The Retail Council of Canada, which has borne the brunt of most consumers’ ire over the Canada-U.S. price gap, applauded the report’s findings, noting it had vindicated many of its claims.
Canadian consumers feel “ripped off,” the committee said in its report, called The Canada U.S. Price Gap. The report blamed everything from “country pricing” — the practice of some large multinational suppliers of charging Canadian retailers more than U.S. merchants — to higher fuel prices in Canada.
he study, which found no single factor explains all price discrepancies, made three other recommendations. They include:
- Integrating Canada-U.S. safety standards to remove requirements for extra tests in Canada.

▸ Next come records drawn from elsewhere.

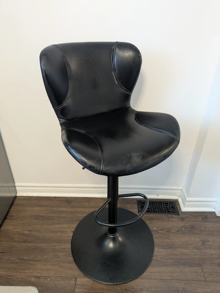 Selling two identical black bar stools. One has some wear and tear, as shown in the photos, but is still completely functional and like new. Perfect for a kitchen island or bar area!
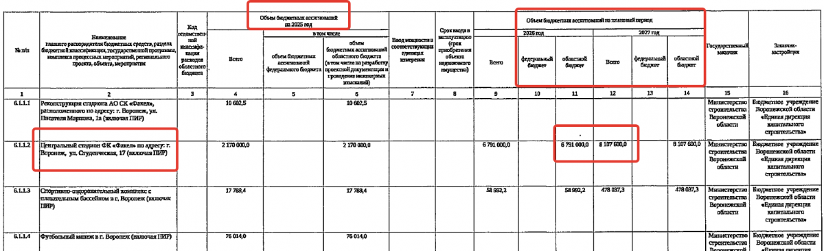 Согласно последним данным облправительства, его ОАИП на 2026 год, в ближайшие три года на строительство стадиона ФК "Факел" может быть потрачено 18 млрд 405 млн рублей. Хотя в предыдущем документе, ОАИП - 2025, были другие цифры. А именно: в ближайшие пару лет на возведение 25-тысячного футбольного стадиона предполагалось потратить из бюджета области: 6 млрд 791 млн рублей + 8 млрд 107 млн = 14 млрд 895 млн рублей. С учетом объявленных расходов (в областной адресной инвестпрограмме на 2025 г.) в уходящем году в сумме 2 млрд 107 млн рублей, общие затраты бюджета области за эти три года могли составить 16 млрд 995 млн.
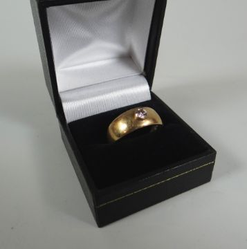 A 9CT YELLOW GOLD & DIAMOND BAND RING, with single raised round-cut diamond, 5.8gms
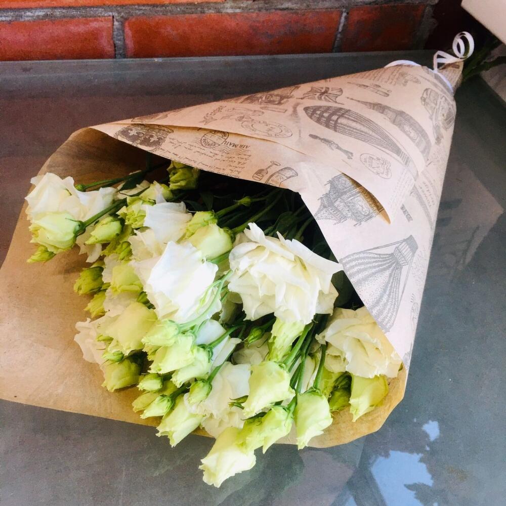 Крафт упаковка – 1 шт.Лизиантус Алиса белый – 5 шт.
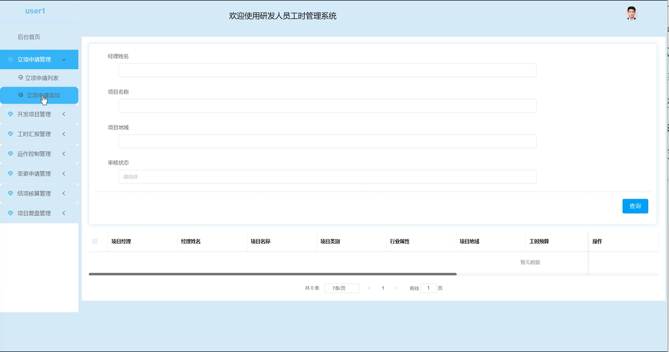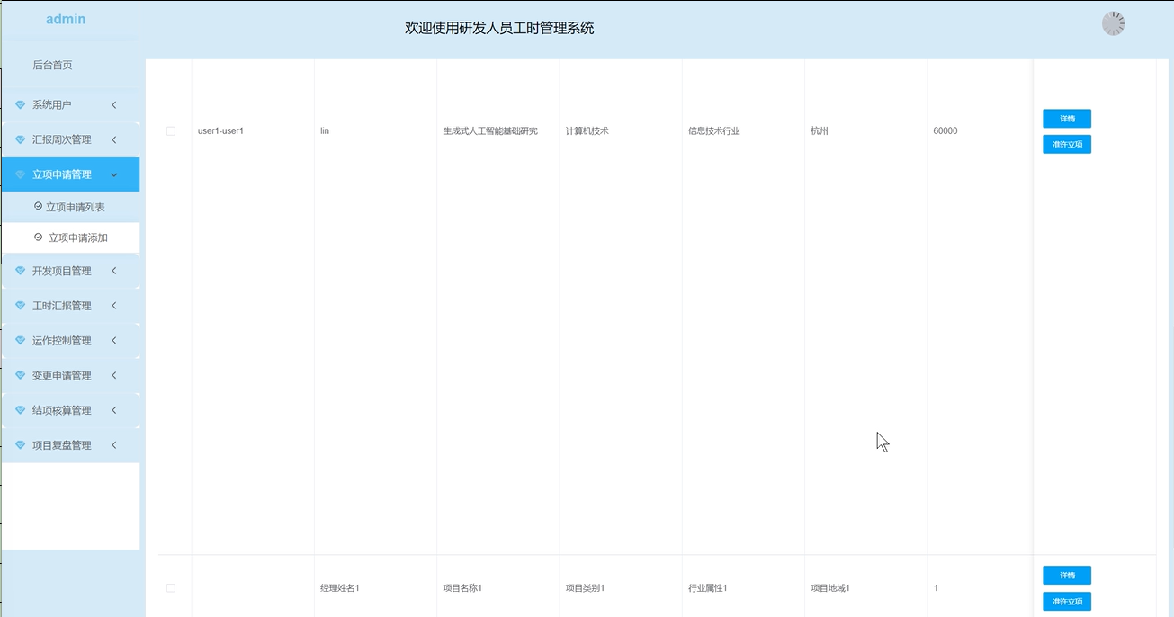 - 立项申请管理:管理员可以对立项申请进行列表展示、添加、查看详情,并对申请进行准许或拒绝等操作。通过搜索功能,快速定位到特定经理、项目名称、项目地域或审核状态的立项申请。
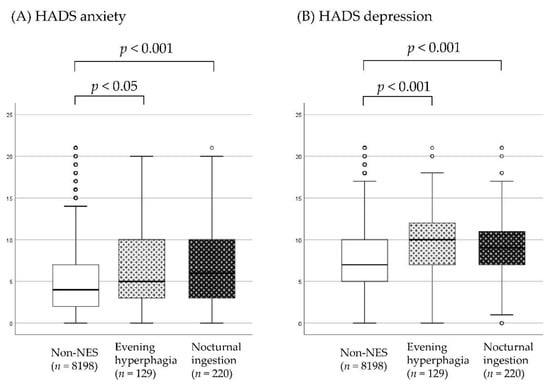 Box-and-whisker plot showing the Hospital Anxiety and Depression Scale (HADS) scores of the non-night eating syndrome (non-NES), evening hyperphagia, and nocturnal ingestion groups. HADs anxiety and depression scores are shown in (A,B), respectively. Comparisons were made using the Mann-Whitney U test.
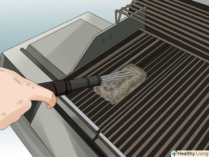 ОчищайтеГриль після кожного використання. Обдавайте гриль полум'ям, щоб спалити залишки їжі. Мийте гриль щіткою, поки він не охолов. Коли гриль стане теплим і до нього можна буде доторкнутися, помийте його жорсткою щіткою, засобом для миття посуду і теплою водою, щоб видалити жир. Приділяйте особливу увагу решітці і ділянці під нею. [9]- Залишки їжі, особливо стеклий на піддон жир, здатні залучити ведмедя. Намагайтеся тримати гриль в недоступному для ведмедя місці. [10]
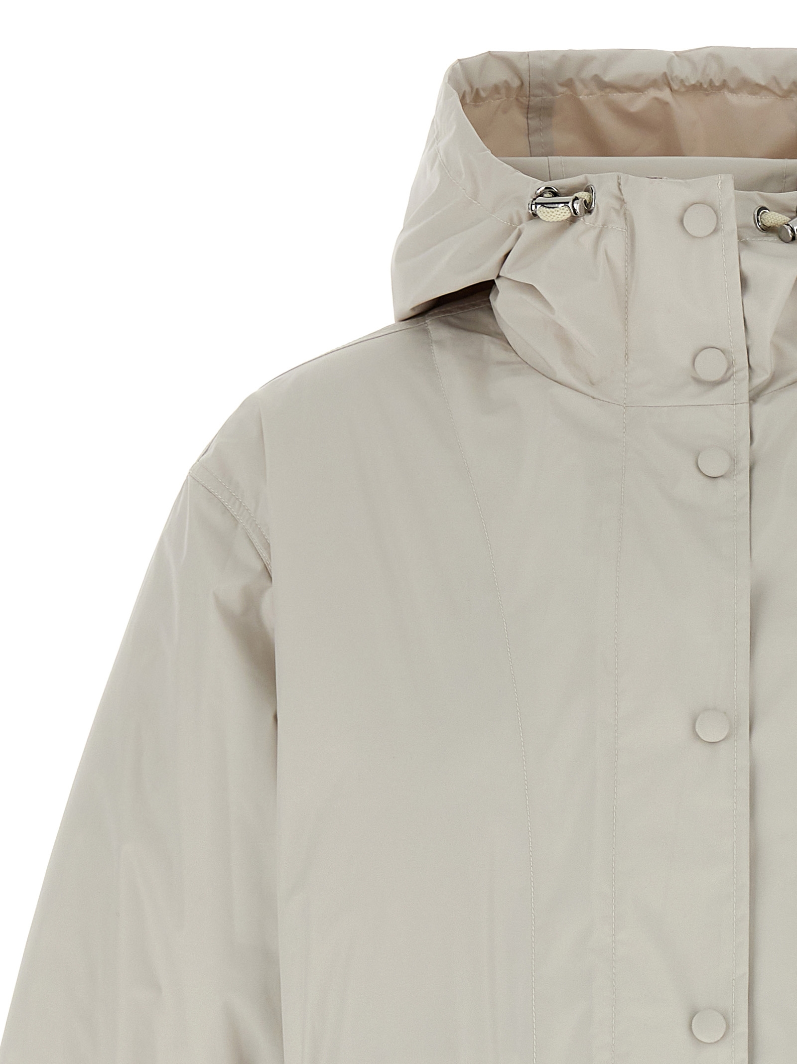 Water-repellent nylon 2 in 1 parka, hood, zip and snap button closure, drawstring at the waist and at the hem, pockets, long sleeves. Removable quilted inner jacket with snap button closure, crew neck, pockets, long sleeves.
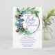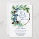 Invitation Winter baby shower snowy pines wreath dusty blue
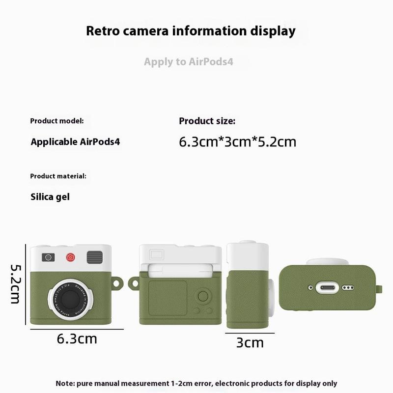 Étui en silicone liquide - Conception d'appareil photo rétro pour AirPods 4

- Raising the minimum threshold for goods that can be shipped duty free through the postal service. This would benefit consumers who shop online on U.S. sites for import into Canada, for example. Many consumers complain that duty, taxes and brokerage fees can nearly double the cost of ordering small items online. The current minimum is $20. Many countries are considering raising that to $100, the committee noted.
- Eliminating the 10 per cent markup that exclusive Canadian distributors can add to U.S. books imported into Canada.
Goods in Canada were 24 per cent more expensive, on average, in 2007 and still 14 per cent higher last spring, said Doug Porter, deputy chief economist at BMO Capital Markets, who has been informally tracking a basket of goods over the years.
Tariffs generated $3.6 billion in revenue for the federal government in 2010-2011, or about 1.5 per cent of total budget revenues, the committee noted.